Exercise prompt –
Would you please return the lines of the entries below starting at the line that has "Comfy Stretchy Maxi" and ending at the line that has "From Tatooine to", both included, exactly as they are?
------ Task data
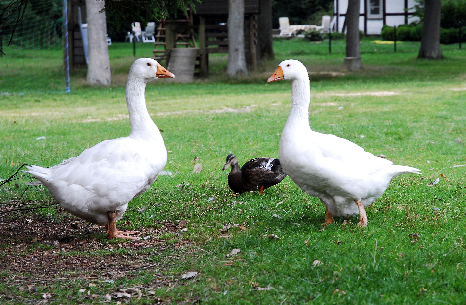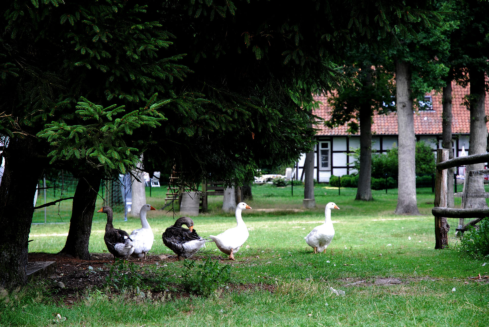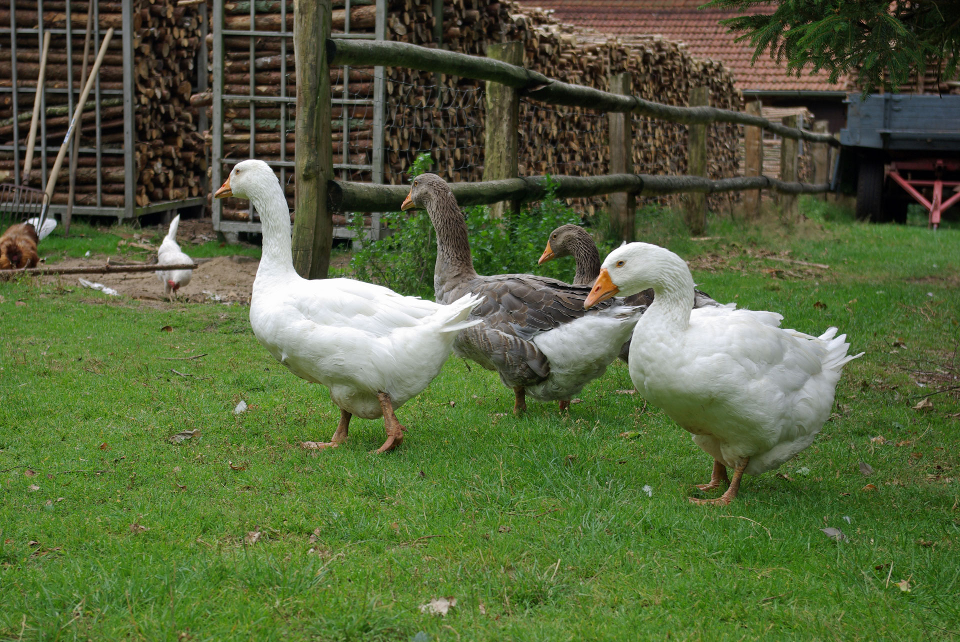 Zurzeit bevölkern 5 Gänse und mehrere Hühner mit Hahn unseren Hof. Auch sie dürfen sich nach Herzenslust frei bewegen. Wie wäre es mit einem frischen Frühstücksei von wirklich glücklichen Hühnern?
------------
------ Task data
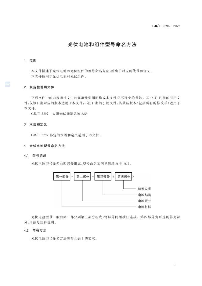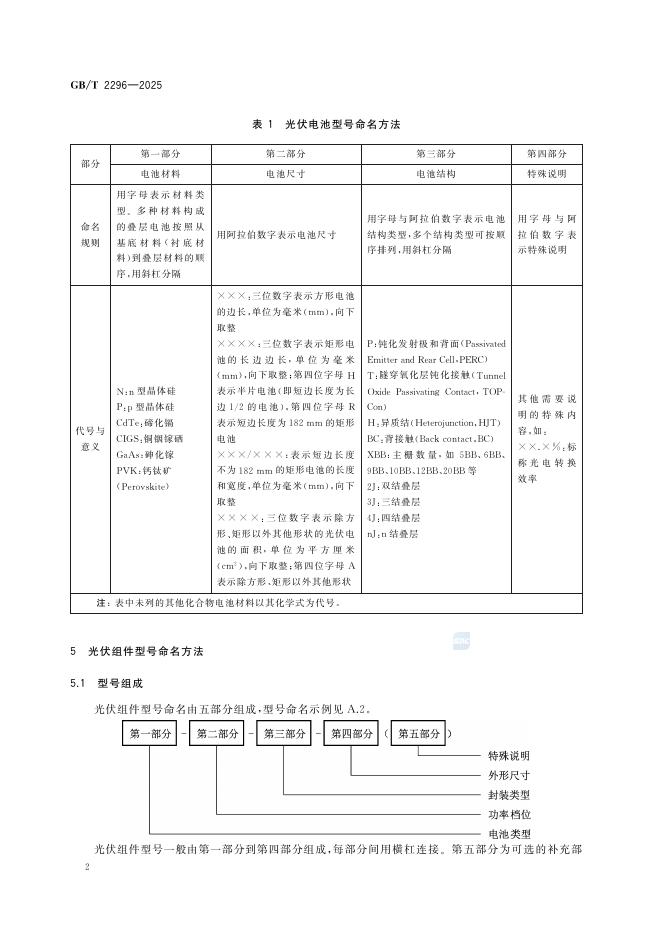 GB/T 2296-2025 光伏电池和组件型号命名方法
------------
------ Task data
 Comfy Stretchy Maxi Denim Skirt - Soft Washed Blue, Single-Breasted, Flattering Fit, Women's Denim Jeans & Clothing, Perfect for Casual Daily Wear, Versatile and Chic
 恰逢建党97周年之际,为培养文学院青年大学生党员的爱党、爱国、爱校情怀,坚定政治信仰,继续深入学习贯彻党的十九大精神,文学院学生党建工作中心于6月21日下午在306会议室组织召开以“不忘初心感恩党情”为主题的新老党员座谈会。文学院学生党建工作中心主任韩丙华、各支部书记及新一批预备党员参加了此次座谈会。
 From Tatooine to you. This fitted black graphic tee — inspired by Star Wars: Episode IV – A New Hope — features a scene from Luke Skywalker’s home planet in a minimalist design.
------------
Solution for this task –
 Comfy Stretchy Maxi Denim Skirt - Soft Washed Blue, Single-Breasted, Flattering Fit, Women's Denim Jeans & Clothing, Perfect for Casual Daily Wear, Versatile and Chic
 恰逢建党97周年之际,为培养文学院青年大学生党员的爱党、爱国、爱校情怀,坚定政治信仰,继续深入学习贯彻党的十九大精神,文学院学生党建工作中心于6月21日下午在306会议室组织召开以“不忘初心感恩党情”为主题的新老党员座谈会。文学院学生党建工作中心主任韩丙华、各支部书记及新一批预备党员参加了此次座谈会。
 From Tatooine to you. This fitted black graphic tee — inspired by Star Wars: Episode IV – A New Hope — features a scene from Luke Skywalker’s home planet in a minimalist design.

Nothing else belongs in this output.